3 August 2012

Friday wrap...

As mentioned last week, all eyes were on the ECB Press Conference and specifically Draghi's speech. After raising the bar very high last week, albeit too high without the approval of the Bundesbank, with the comment '[the] ECB is ready to do whatever it takes', traders were looking for specific details on what that means. At the minimum a rate cut was expected if not a commitment to buy bonds. However, Draghi lost his credibility in an extremely disappointing conference and traders called his bluff. Euro sank 270 pips in less than 4 hours. However, the main points from the conference were that the 'Euro is irreversible' and that each country is responsible for its own debt. Elsewhere, the FOMC statement was closely watched but the market did not react as traders awaited the ECB Press Conference and today's US Non- Farm Payroll.
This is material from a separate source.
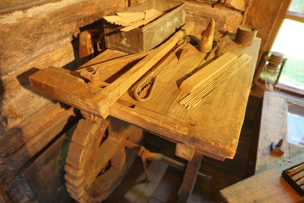 Pilt August Teppo talumuuseumist, millel on eksponeeritud lauasaag, kus saeketas käis ringi jalaga vändates, nagu vokil, lõikesuurust seadis joonlaud. Kas tegemist on käsitööga sellel masinal töötades? Ning kas August Teppo pillid on masinatöö või käsitöö?
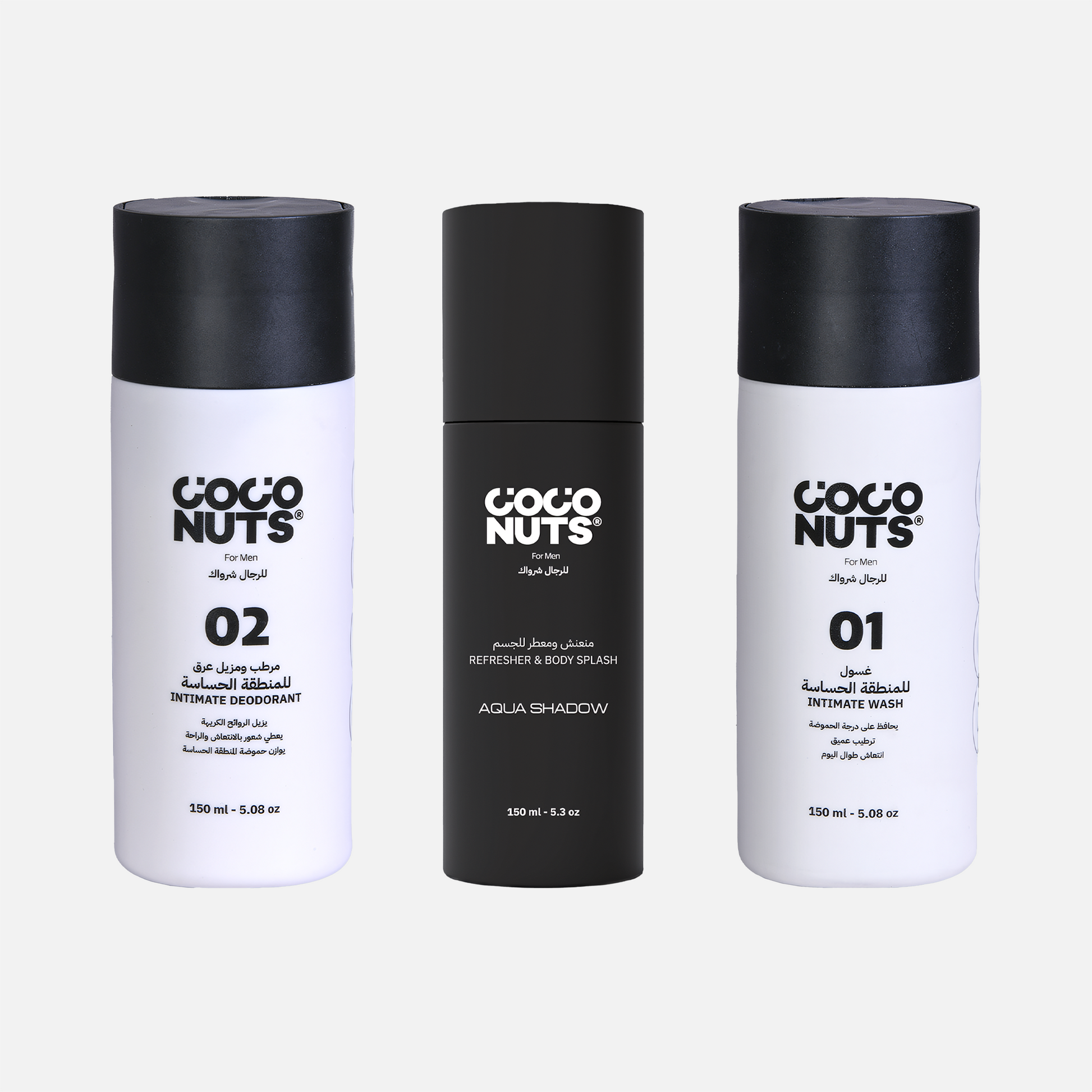 مجموعة منتجات كوكونتس للرجال مصممة خصيصًا للعناية اليومية بالمنطقة الحساسة، وتضم غسولًا لطيفًا وفعالًا، بالإضافة إلى مرطب ومزيل عرق يوفر حماية مستمرة ضد الروائح الكريهة. الغسول ينظف بلطف ويحمي بشرتك من الجفاف، ليمنحك شعورًا بالنظافة والانتعاش طوال اليوم. أما مرطب ومزيل العرق فيجمع بين الترطيب العميق والحماية الفعالة، ليضمن لك انتعاشًا يدوم طوال اليوم ويمنحك الثقة التي تستحقها.

The Fed left rates unchanged but are still closely monitoring incoming information, especially employment figures, to weigh in on their decision on QE3. The UK Manufacturing PMI number fell to -45.4 a 36 month low which led to Morgan Stanley lowering growth forecasts and Prime Minister David Cameron to vocally support the Chancellor George Osbourne. The US stock market also took a hit on Thursday's opening in reaction to Knight Capital's algo going wild and distorting market volumes.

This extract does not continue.